#### Task details
Exactly the lines from the start of the entries through the line with "Женское длинное платье" are required in the output, with no pictures among them.

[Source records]
☆ ☆ ☆ ☆
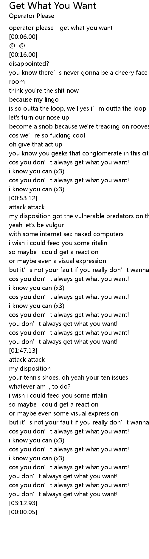 | [00:01.00] | operator please - get what you want |
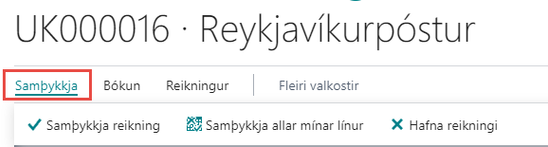Til að samþykkja eina línu velur notandi línuna sem á að samþykkja fer í Stjórna > Samþykkja. Ef notandi vill samþykkja allar línur fer hann í Stjórna > Samþykkja allar mínar línur.
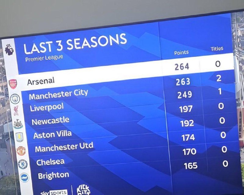 Рейтинг команд Премьер-Лиги по количеству набранных очков и завоеванных титулов Премьер-Лиги за три последних сезона📊
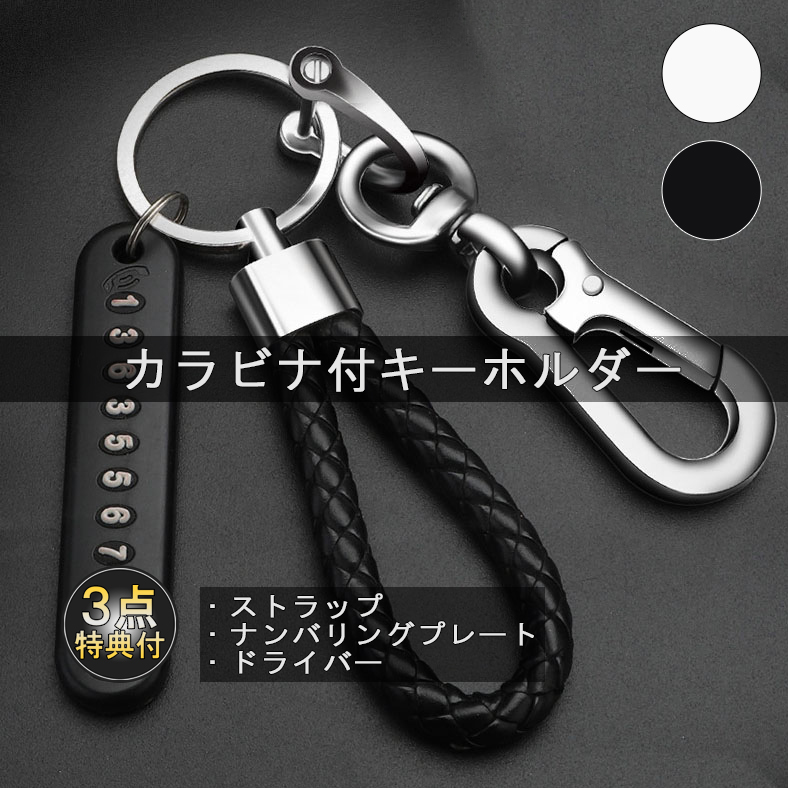 キーホルダー キーリング カラビナ ストラップ 編み込み Dリング ナンバリング プレート シンプル おしゃれ
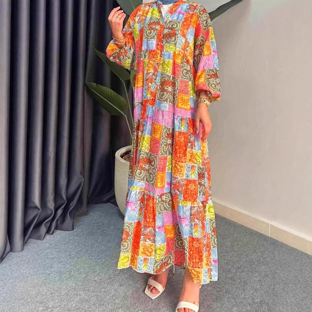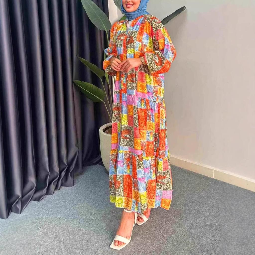 Женское длинное платье с длинным рукавом, V-образным вырезом и богемным принтом
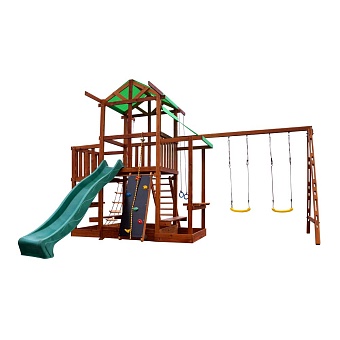 Детский игровой комплекс для дачи - идеальное место для отдыха ребенка. Такая яркая и оригинальная конструкция сделает досуг детей веселым и полезным. Она является безопасной и надежной, а также отвечает самым высоким стандартам качества. У нас детский игровой комплекс для дачи купить можно по выгодной цене. Более того, это не только место для игр, но и целый набор спортивных элементов, где ребенок будет получать полноценную физическую нагрузку. Снаряд представляет собой двухэтажную спортивно-игровую площадку, где есть все необходимое, чтобы малыш физически развивался и активно отдыхал: трехметровая горка для катания, 2 качели, кольца и горка для скалолазания. Есть также деревянная и веревочная лестница. Снаряд изготовлен из сосны, обработанной антисептиком, а все поверхности изделия тщательно отшлифованы. Благодаря высокому качеству и функциональности, на детский игровой комплекс для дачи отзывы положительные и он пользуется большим спросом. Сооружения не требует дополнительного крепления. Данная площадка действительно станет настоящим украшением любого двора. Здесь для любого ребенка найдется занятие и развлечение. Если Вас устраивает на детский игровой комплекс для дачи цена , мы очень рекомендуем приобрести его, так как это самый лучший подарок для детей. Этот снаряд подарит приятные эмоции каждому ребенку и даст возможность быть здоровым, сильным и активным.
☆ ☆ ☆ ☆
#### Exercise result
 | [00:01.00] | operator please - get what you want |
Til að samþykkja eina línu velur notandi línuna sem á að samþykkja fer í Stjórna > Samþykkja. Ef notandi vill samþykkja allar línur fer hann í Stjórna > Samþykkja allar mínar línur.
 Рейтинг команд Премьер-Лиги по количеству набранных очков и завоеванных титулов Премьер-Лиги за три последних сезона📊
 キーホルダー キーリング カラビナ ストラップ 編み込み Dリング ナンバリング プレート シンプル おしゃれ
 Женское длинное платье с длинным рукавом, V-образным вырезом и богемным принтом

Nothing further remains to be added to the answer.